#### [DATA SECTION]
◇ ◇ ◇
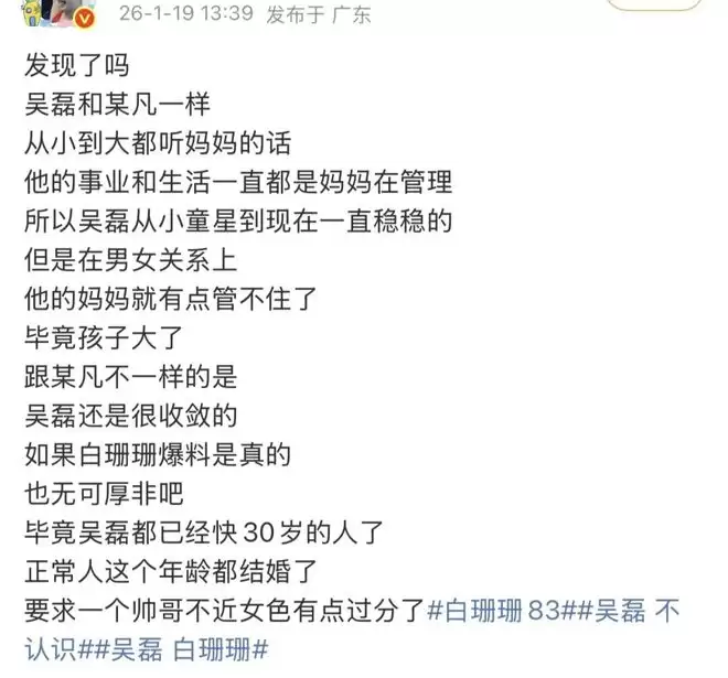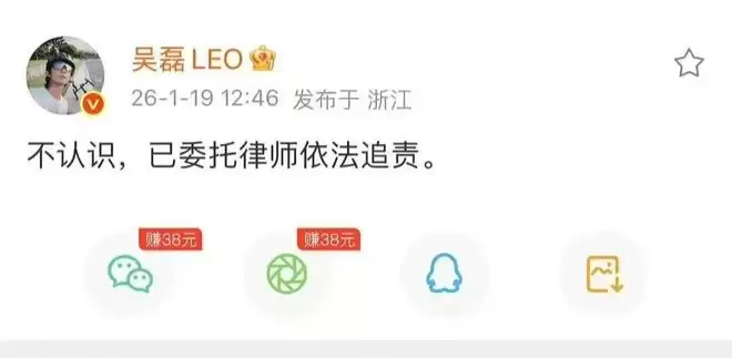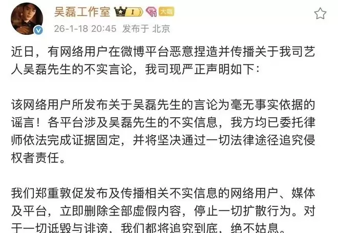 吴磊本人的态度更是强硬又干脆,1月19日午间直接发文回应:“不认识,已委托律师依法追责”,没有多余的辩解,没有模棱两可的表述,给那些含糊其辞的明星声明做了个好榜样。
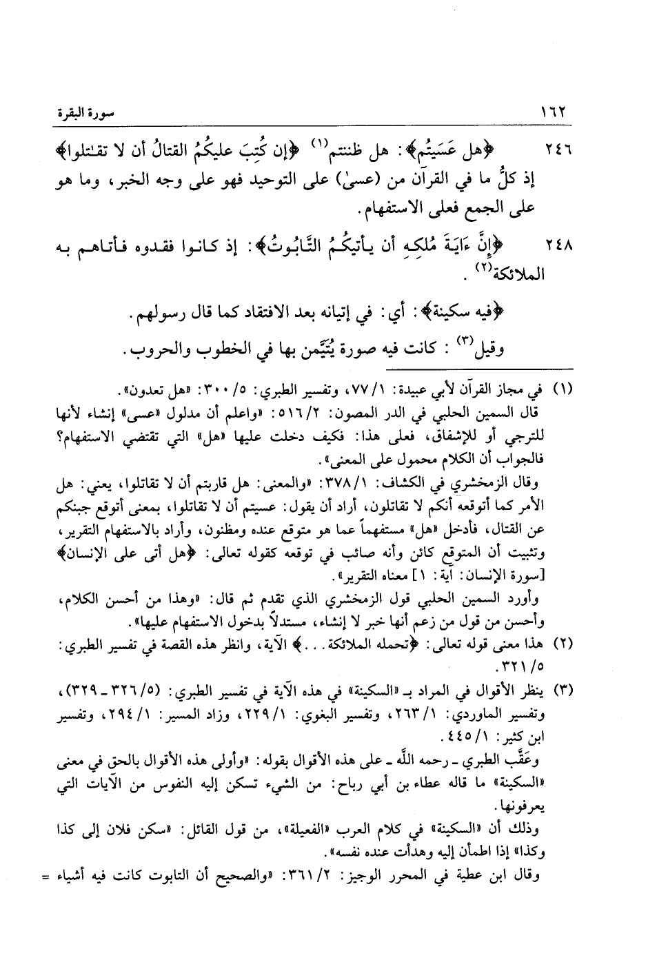 (3) ينظر الأقوال في المراد ب «السكينة» في هذه الآية في تفسير الطبري: (5/ 326- 329) ، وتفسير الماوردي: 1/ 263، وتفسير البغوي: 1/ 229، وزاد المسير: 1/ 294، وتفسير ابن كثير: 1/ 445.
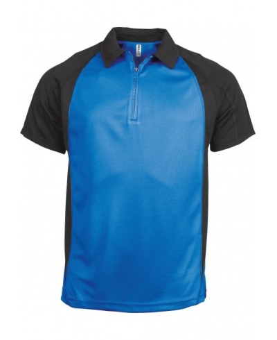 100% Polyester. Ultraleicht und schnelltrocknend. Polokragen mit Nylon-Reißverschluß und Paspeln. Raglanärmel in Kontrastfarbe. Stoffüberlappungen an Ärmeln. Doppelnahtverarbeitung am unteren Ende, an den Ärmeln, am Halsausschnitt.
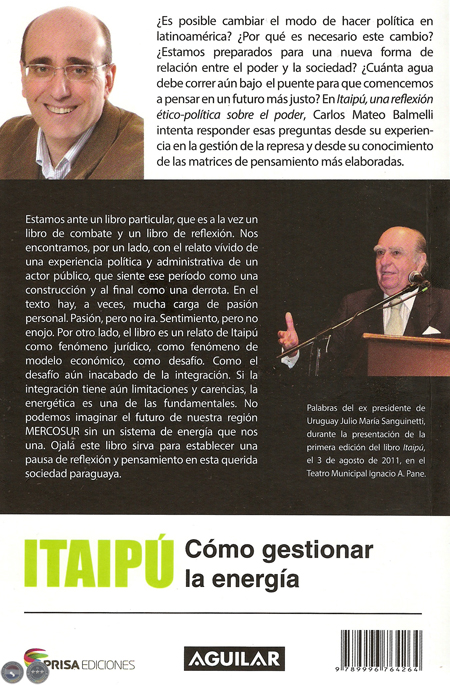 Itaipú es el proyecto hidroeléctrico que más energía produce en el planeta, pero no es solo eso. Es un símbolo de la relación de fuerzas entre los países sudamericanos, y es también una causa nacional para los pueblos de Paraguay y Brasil. Durante dieciséis meses, Carlos Mateo Balmelli fue director paraguayo de la entidad binacional Itaipú. En ese período, vivió de cerca la complejidad de los procesos de cambio, acercó las posiciones de los dos países y, al mismo tiempo, se desencantó del rumbo actual de la conducción política en su tierra.
◇ ◇ ◇
#### [WHAT YOU WILL DO]
Reproduce the data above exactly, but only from the line containing "(3) ينظر الأقوال" through the line containing "100% Polyester. Ultraleicht"; skip the pictures.

#### [RESULT]
 (3) ينظر الأقوال في المراد ب «السكينة» في هذه الآية في تفسير الطبري: (5/ 326- 329) ، وتفسير الماوردي: 1/ 263، وتفسير البغوي: 1/ 229، وزاد المسير: 1/ 294، وتفسير ابن كثير: 1/ 445.
 100% Polyester. Ultraleicht und schnelltrocknend. Polokragen mit Nylon-Reißverschluß und Paspeln. Raglanärmel in Kontrastfarbe. Stoffüberlappungen an Ärmeln. Doppelnahtverarbeitung am unteren Ende, an den Ärmeln, am Halsausschnitt.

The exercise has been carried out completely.